Monday, October 12, 2009

Loyalty and Trust

@tetradian and @kvistgaard pick up an interesting statistic from the Economist.

"A survey by the Centre for Work-Life Policy, an American consultancy, found that between June 2007 and December 2008 the proportion of employees who professed loyalty to their employers slumped from 95% to 39%; the number voicing trust in them fell from 79% to 22%." [Hating what you do, Economist 8 Oct 2009]

So the figure for trust is much lower than the figure for professed loyalty. Perhaps this is not altogether surprising. You'd probably find a similar disparity if you asked married people if they were loyal to their husbands/wives, and if they trusted them. Clearly professed loyalty is not the same as actual loyalty.

I found another related statistic in the same edition of the Economist.

"According to a survey last month by TNS Sofres, a polling agency, the French have less confidence in their employers (32%) than do either Germans (47%) or Americans (54%)." [Suicide in France, Economist 8 Oct 2009]

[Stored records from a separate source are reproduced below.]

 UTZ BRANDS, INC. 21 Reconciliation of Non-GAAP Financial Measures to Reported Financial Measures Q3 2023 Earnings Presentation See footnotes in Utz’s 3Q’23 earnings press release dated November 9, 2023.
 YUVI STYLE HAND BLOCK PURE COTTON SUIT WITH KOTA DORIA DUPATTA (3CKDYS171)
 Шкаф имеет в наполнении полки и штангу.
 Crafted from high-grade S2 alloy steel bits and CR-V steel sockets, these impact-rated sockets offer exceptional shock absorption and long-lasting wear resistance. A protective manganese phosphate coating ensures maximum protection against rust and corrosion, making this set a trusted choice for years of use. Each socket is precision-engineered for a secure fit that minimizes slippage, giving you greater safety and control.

Comparing the US figures from these two surveys, I find it curious that the figure for "confidence" is more than double the figure for "trust". Has the mood in America shifted radically in a few months - Obama's election perhaps? Have large numbers of distrustful and non-confident employees lost their jobs, therefore not being included in the later survey? Or is it simply that the two surveys were asking different questions in different ways?

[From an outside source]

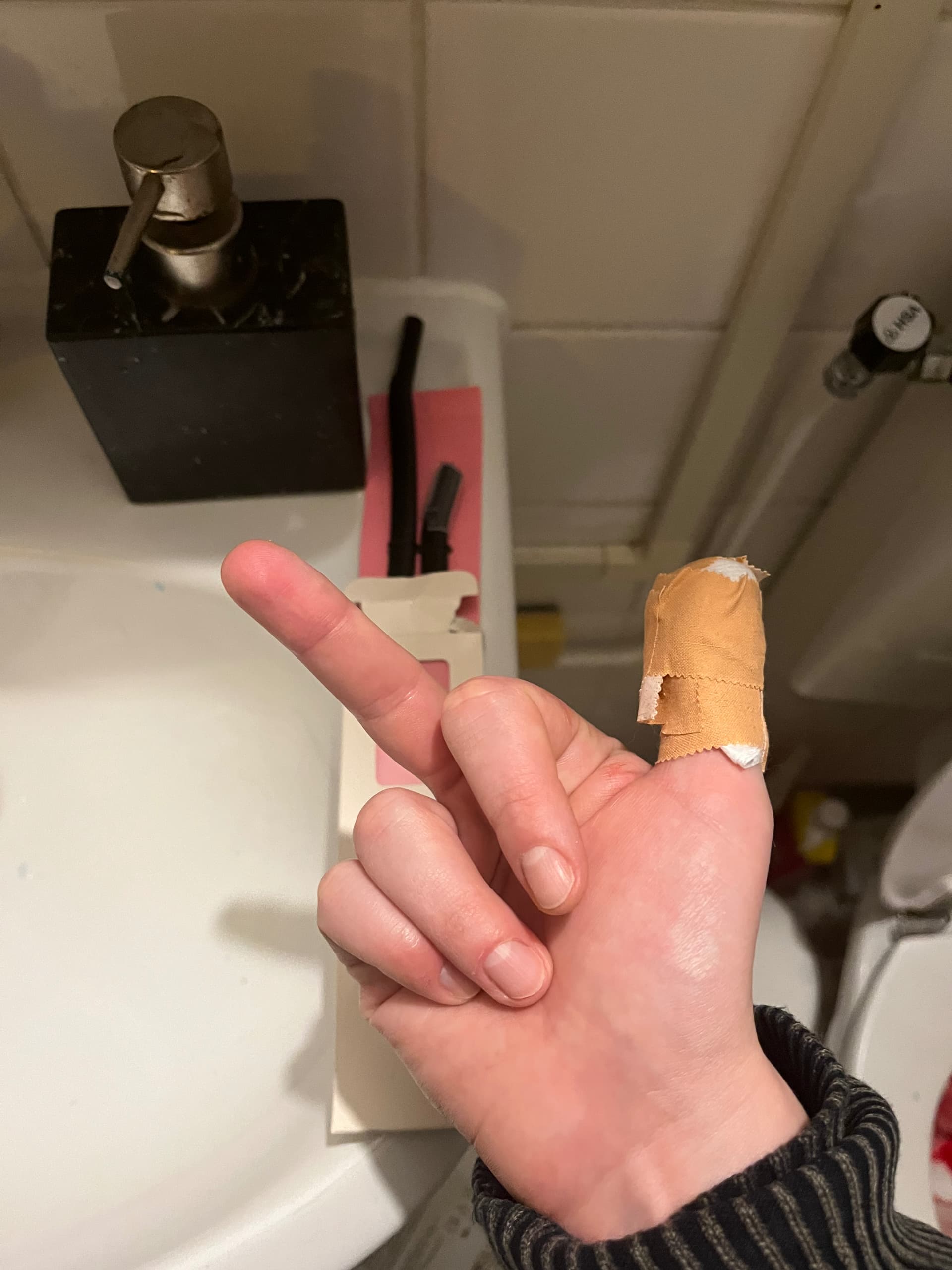 Met scheermes openen, in mn duim gesneden. (Wilde die wenkbrauw scheren gvd)
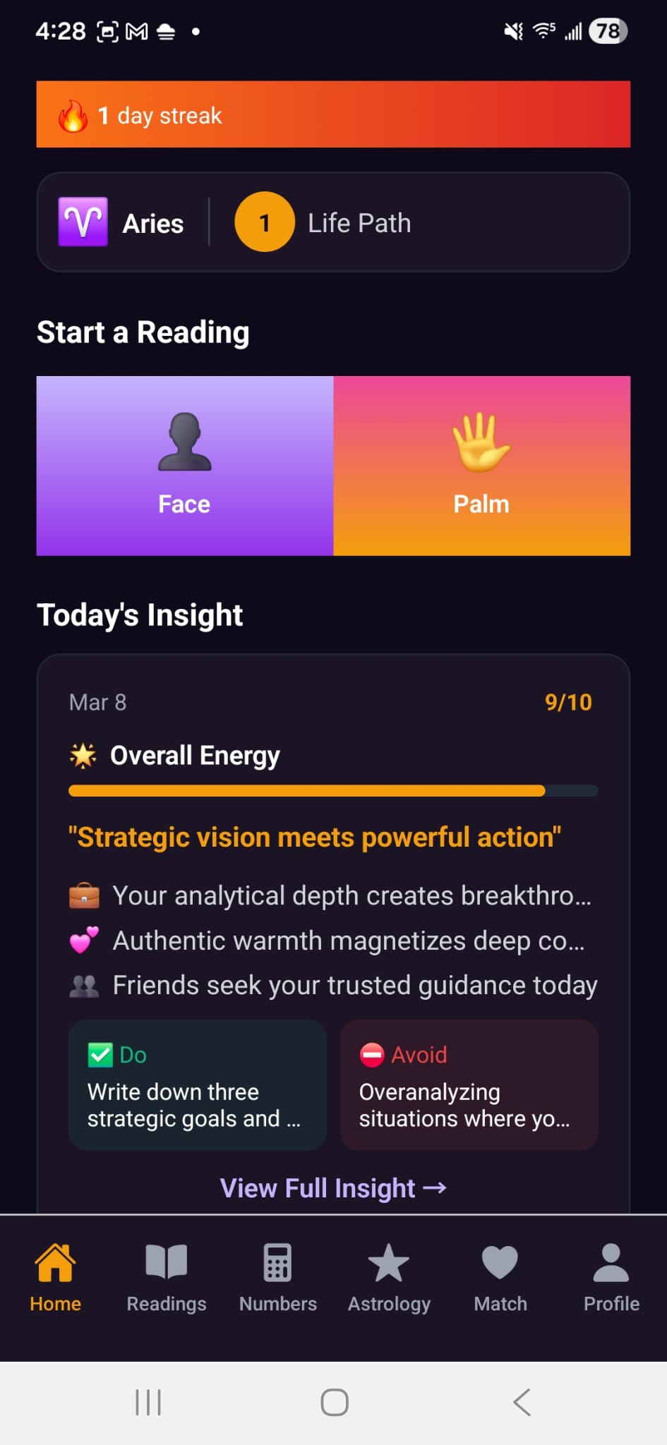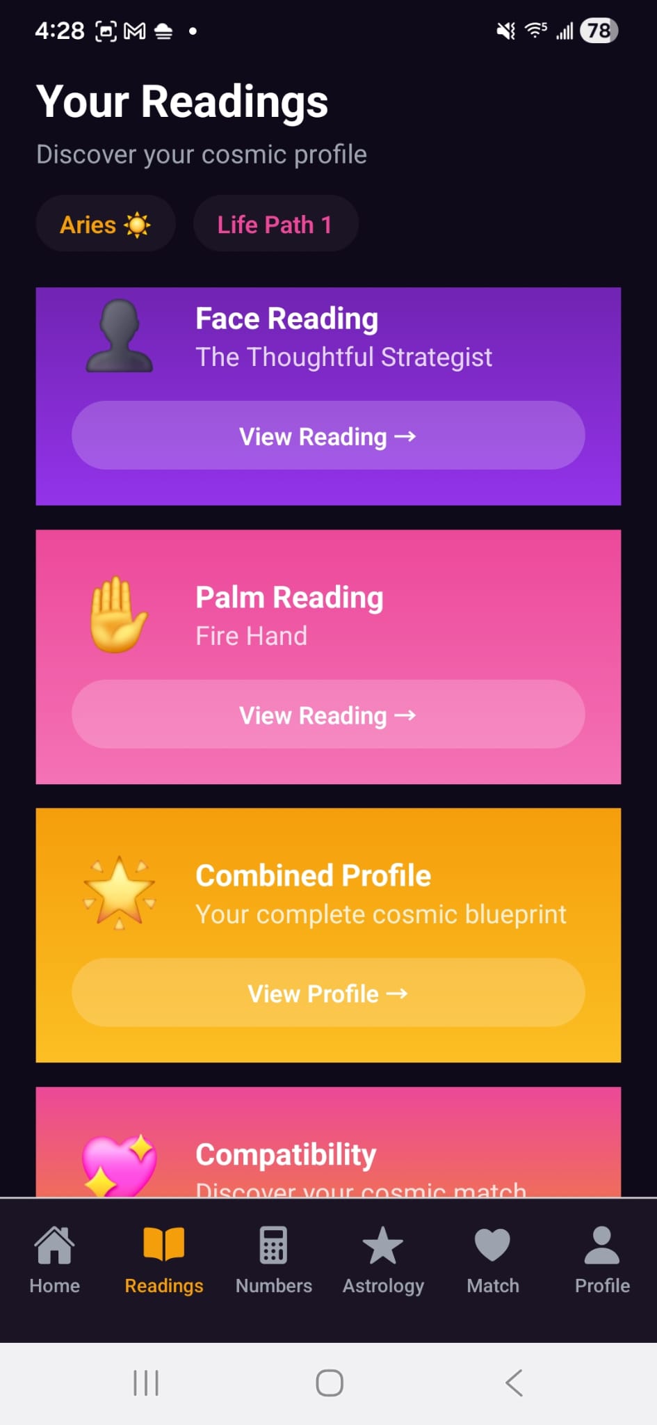 Your face and palm photos are stored securely and used only to generate your readings. They are never shared with other users or sold to third parties. You can delete your photos at any time through the app.

A more serious aspect of the story is the alarming number of suicides in French companies, most recently in France Telecom.

In the bad old days (known as Theory X) employers didn't expect loyalty or trust, they simply demanded hard work. Employees didn't love the work, they only performed when closely supervised, monitored and measured. Trade unions were formed to represent the collective interests of the workers, and got into regular disputes with management about pay and working conditions.

In the brave new world (known as Theory Y) we are all expected to love the work and treat our co-workers as a second family. Trade unions have lost much of their former power, and the individual employee is "empowered" to "go the extra mile" to serve the interests of the company and its customers in a fulfilling and career-enhancing manner.

The trouble is that most companies send mixed messages to their employees - some Theory X, some Theory Y. In some cases, these mixed messages amount to a double bind, obliging workers to adopt an irrational position, and putting them under sometimes intolerable psychological stress.

A few paragraphs ago, I suggested the hypothesis that large numbers of distrustful employees might have lost their jobs. We might think that workers who lost their jobs had been right to distrust their employers, if it wasn't for the cruel fact that distrusting your employer may be a contributory causal factor to losing your job. If you want to keep your job, you must suppress all hostile thoughts towards your employer, including distrust or disloyalty. That's the kind of double bind that can send people over the edge.